- **Exercise requirements**
Below, locate the line that contains "Erkek 8mm Kırmızı". Repeat exactly from that line to the line that contains "Der Küchenrollenhalter aus", inclusive, leaving out the pictures.

- **Given entries**

==*==

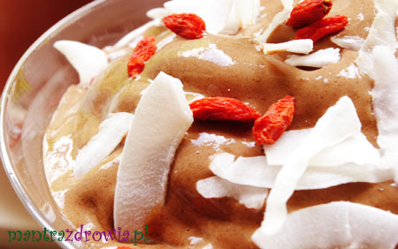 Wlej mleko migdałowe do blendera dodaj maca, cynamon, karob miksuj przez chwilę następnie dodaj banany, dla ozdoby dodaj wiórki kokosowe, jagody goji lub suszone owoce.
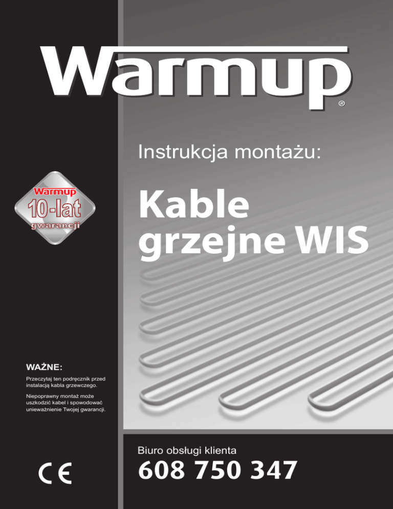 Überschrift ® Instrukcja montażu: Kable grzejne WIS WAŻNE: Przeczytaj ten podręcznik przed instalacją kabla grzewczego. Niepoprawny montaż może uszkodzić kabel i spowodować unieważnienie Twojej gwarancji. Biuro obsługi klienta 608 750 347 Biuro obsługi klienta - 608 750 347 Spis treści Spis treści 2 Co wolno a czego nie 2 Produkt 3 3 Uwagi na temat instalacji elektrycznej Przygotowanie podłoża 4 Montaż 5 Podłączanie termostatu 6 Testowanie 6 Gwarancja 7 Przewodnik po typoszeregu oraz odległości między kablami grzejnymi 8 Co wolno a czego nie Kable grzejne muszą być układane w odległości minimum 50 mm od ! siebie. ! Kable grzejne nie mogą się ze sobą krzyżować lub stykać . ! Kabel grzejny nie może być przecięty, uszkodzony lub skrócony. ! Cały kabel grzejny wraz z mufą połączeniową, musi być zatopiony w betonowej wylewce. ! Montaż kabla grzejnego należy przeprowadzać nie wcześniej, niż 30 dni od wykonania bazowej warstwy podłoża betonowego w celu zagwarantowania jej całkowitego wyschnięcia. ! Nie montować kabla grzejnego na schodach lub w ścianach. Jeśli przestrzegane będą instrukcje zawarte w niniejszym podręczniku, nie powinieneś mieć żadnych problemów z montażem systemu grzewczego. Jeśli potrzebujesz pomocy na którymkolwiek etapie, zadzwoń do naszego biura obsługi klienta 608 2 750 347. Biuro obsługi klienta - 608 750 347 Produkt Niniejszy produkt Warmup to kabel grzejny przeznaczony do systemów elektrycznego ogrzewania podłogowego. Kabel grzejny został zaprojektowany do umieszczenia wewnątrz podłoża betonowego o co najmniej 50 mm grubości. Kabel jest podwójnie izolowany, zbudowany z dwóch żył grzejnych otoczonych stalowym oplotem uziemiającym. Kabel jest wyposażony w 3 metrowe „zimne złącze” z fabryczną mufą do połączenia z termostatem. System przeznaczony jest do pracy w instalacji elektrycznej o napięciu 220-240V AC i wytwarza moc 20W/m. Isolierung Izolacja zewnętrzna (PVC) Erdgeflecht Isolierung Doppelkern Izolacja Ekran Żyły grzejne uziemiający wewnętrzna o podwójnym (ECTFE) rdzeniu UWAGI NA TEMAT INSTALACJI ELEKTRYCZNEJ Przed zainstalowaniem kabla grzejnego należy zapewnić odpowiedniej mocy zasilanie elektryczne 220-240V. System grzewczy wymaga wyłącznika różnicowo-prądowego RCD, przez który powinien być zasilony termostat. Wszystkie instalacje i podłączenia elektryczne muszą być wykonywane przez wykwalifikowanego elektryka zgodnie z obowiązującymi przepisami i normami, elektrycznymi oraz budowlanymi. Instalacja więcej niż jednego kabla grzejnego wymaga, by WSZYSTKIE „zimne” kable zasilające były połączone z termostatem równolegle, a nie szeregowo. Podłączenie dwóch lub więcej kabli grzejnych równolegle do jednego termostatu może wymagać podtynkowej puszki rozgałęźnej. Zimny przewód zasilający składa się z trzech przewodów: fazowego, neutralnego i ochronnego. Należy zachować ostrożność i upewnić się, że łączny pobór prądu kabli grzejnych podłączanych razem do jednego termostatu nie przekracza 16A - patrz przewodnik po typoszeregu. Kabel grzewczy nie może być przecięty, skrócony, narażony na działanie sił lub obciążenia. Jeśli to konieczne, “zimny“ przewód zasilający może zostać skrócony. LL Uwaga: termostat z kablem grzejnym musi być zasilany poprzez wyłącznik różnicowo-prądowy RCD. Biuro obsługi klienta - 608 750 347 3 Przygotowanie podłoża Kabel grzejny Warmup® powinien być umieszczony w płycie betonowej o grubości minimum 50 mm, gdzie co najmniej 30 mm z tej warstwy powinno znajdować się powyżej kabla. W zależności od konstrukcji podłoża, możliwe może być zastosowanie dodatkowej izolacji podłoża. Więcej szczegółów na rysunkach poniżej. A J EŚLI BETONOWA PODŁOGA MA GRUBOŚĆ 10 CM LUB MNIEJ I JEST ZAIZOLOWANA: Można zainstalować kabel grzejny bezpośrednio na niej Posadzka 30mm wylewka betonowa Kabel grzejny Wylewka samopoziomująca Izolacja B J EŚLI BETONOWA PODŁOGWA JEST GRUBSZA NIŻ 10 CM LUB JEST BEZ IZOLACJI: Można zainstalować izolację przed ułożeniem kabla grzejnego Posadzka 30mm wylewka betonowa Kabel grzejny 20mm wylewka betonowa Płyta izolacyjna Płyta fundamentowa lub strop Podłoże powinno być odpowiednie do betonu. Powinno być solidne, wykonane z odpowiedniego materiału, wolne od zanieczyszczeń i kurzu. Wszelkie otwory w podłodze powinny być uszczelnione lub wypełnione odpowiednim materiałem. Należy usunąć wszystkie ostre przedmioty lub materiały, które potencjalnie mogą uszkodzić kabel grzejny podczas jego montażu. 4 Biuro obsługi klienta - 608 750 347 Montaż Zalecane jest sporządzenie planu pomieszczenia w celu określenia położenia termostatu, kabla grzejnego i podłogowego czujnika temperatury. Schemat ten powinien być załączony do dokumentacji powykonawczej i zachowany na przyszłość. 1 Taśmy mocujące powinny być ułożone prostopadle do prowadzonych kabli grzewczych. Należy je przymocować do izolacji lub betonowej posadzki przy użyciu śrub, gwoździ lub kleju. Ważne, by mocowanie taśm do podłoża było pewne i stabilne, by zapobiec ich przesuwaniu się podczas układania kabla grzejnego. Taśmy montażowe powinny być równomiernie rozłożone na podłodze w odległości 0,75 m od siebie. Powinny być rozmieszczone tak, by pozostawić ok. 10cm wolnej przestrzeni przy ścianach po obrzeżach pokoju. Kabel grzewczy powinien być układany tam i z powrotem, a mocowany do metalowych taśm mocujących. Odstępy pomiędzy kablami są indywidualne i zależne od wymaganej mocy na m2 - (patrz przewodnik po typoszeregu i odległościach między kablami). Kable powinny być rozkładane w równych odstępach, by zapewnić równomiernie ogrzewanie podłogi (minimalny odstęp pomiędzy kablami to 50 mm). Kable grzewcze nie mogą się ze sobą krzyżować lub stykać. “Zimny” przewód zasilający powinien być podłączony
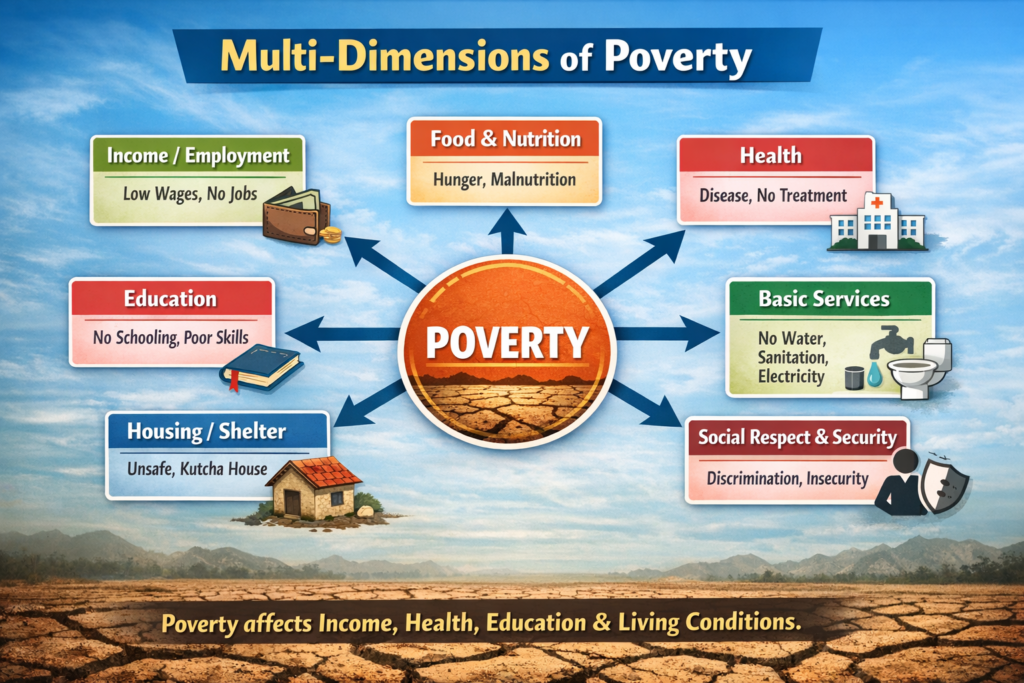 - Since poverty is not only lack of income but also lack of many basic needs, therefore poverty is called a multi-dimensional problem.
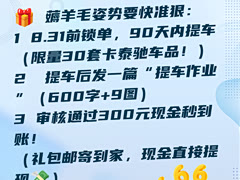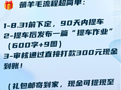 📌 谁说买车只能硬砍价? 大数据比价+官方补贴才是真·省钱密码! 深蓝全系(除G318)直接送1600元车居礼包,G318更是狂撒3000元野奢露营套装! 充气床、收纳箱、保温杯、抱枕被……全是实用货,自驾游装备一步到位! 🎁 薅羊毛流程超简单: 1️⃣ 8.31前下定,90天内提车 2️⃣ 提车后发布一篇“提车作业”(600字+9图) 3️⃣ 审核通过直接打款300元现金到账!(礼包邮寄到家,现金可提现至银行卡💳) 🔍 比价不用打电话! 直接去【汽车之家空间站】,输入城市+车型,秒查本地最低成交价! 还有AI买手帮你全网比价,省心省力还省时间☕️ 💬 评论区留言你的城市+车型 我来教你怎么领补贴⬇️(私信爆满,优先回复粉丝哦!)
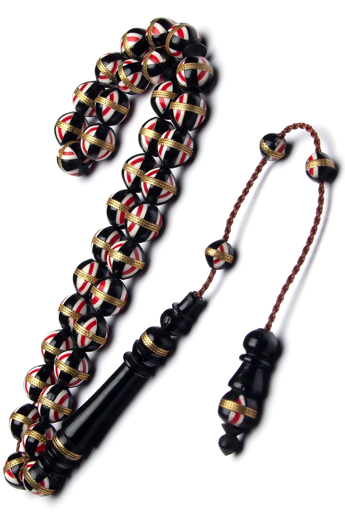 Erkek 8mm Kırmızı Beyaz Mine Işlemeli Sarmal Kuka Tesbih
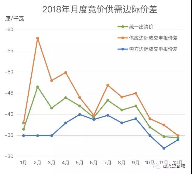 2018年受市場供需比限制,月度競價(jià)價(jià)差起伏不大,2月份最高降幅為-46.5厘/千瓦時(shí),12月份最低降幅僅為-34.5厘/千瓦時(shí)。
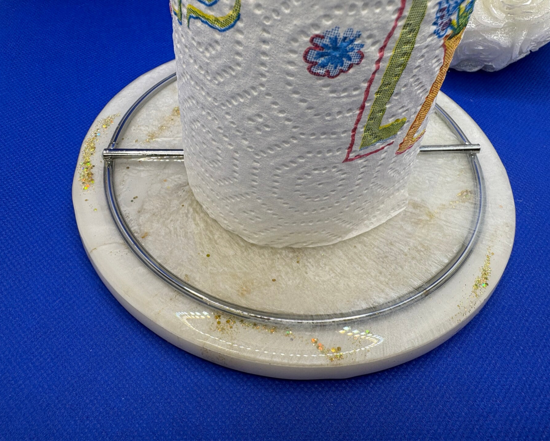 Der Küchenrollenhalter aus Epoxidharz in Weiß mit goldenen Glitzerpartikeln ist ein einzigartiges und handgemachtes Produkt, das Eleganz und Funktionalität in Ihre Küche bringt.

==*==

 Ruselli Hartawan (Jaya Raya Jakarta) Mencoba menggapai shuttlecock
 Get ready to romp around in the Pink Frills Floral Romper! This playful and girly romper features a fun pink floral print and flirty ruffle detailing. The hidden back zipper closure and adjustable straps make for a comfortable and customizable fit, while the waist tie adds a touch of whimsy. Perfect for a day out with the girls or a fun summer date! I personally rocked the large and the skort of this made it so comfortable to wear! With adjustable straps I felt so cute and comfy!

==*==

- **Task answer**
 Erkek 8mm Kırmızı Beyaz Mine Işlemeli Sarmal Kuka Tesbih
 2018年受市場供需比限制,月度競價(jià)價(jià)差起伏不大,2月份最高降幅為-46.5厘/千瓦時(shí),12月份最低降幅僅為-34.5厘/千瓦時(shí)。
 Der Küchenrollenhalter aus Epoxidharz in Weiß mit goldenen Glitzerpartikeln ist ein einzigartiges und handgemachtes Produkt, das Eleganz und Funktionalität in Ihre Küche bringt.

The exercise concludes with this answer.